European Central Bank quantitative easing likely to disappoint
While ECB bond buying will help corporations borrow by making bond markets more generous, it will not rebuild capital in the banking sector

Rarely has a major market event been as expected as quantitative easing from the European Central Bank; rarer still has something been so likely to underwhelm.
Almost everyone expects the ECB to announce a full-fledged QE programme at its Thursday meeting. Even French President Francois Hollande, who told business leaders on Monday that sovereign bond buying, long discussed, would become reality.
Markets expect the ECB to announce €600 billion (HK$5.38 trillion) in bond buying, according to a Reuters poll, while economists are assigning a 90 per cent probability to QE.
Reports suggest the bond buying may be delegated to national central banks, rather than sitting on the ECB's balance sheet.
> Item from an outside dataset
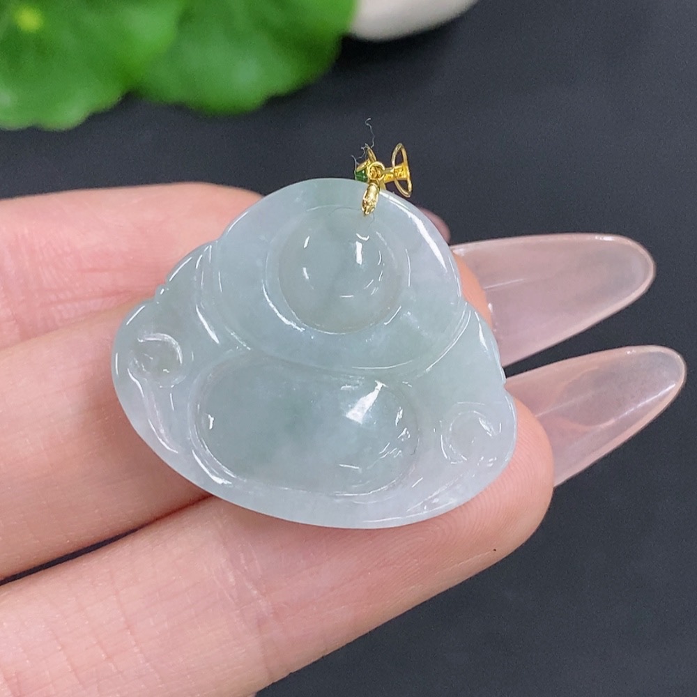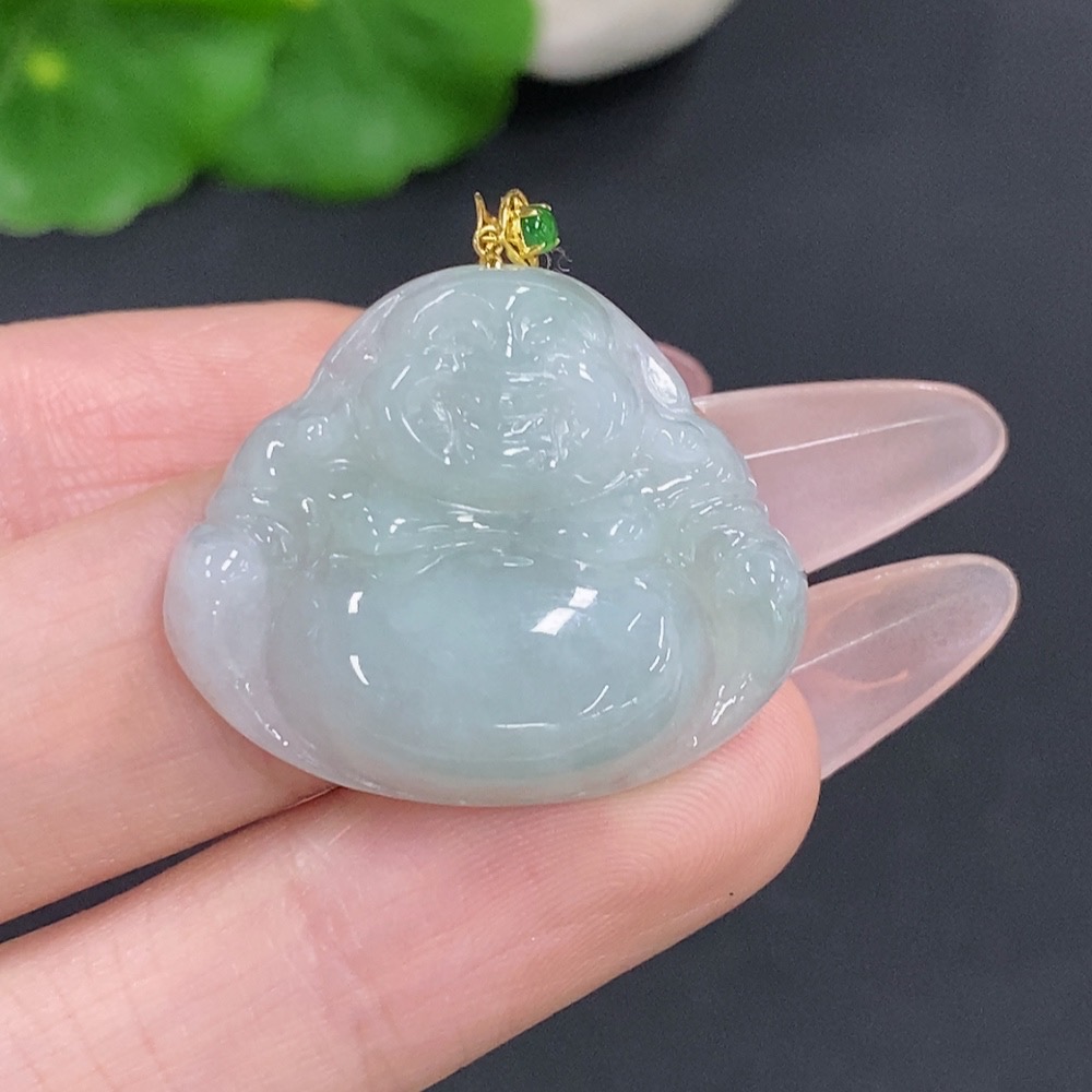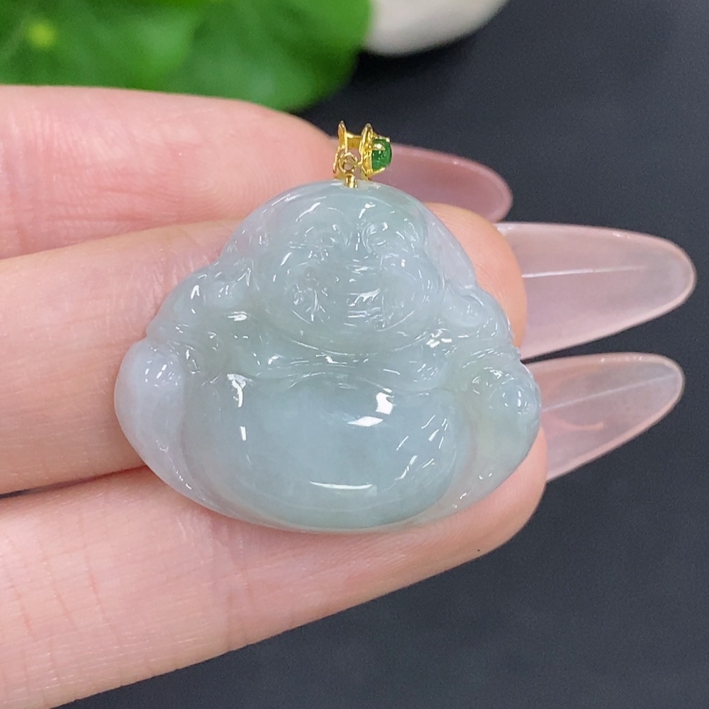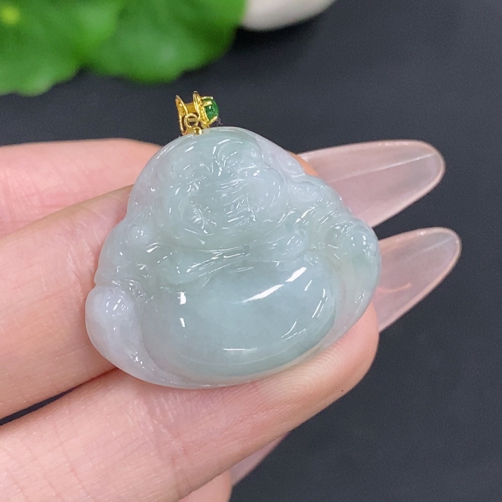 Jadeite Buddha Pendant with 18k Gold Clasp, Total Weight Approximately 6.4g

This tactic in part is intended to blunt criticism of QE from Germany and elsewhere and to dampen any suggestion that bond buying amounts to direct government monetary financing by the ECB. While perhaps offering a polite fiction that the euro project will continue apace, the idea that the risks of QE might not be shared among member states sends an unsettling message.
It is unclear if Greece would take part, a thorny issue given speculation that its Sunday election will set the stage for dickering over debt terms that could end in default or a euro zone fracture.
While the markets look at the threat of deflation and a recession in the euro zone and take QE as a given, opposition in Germany from the Bundesbank and government is still real.
Indeed driving the euro lower is one of the points of QE, as is driving risky assets like equities and corporate bonds higher. To meet those goals, the ECB will have to deliver a clearly enunciated, large and detailed plan.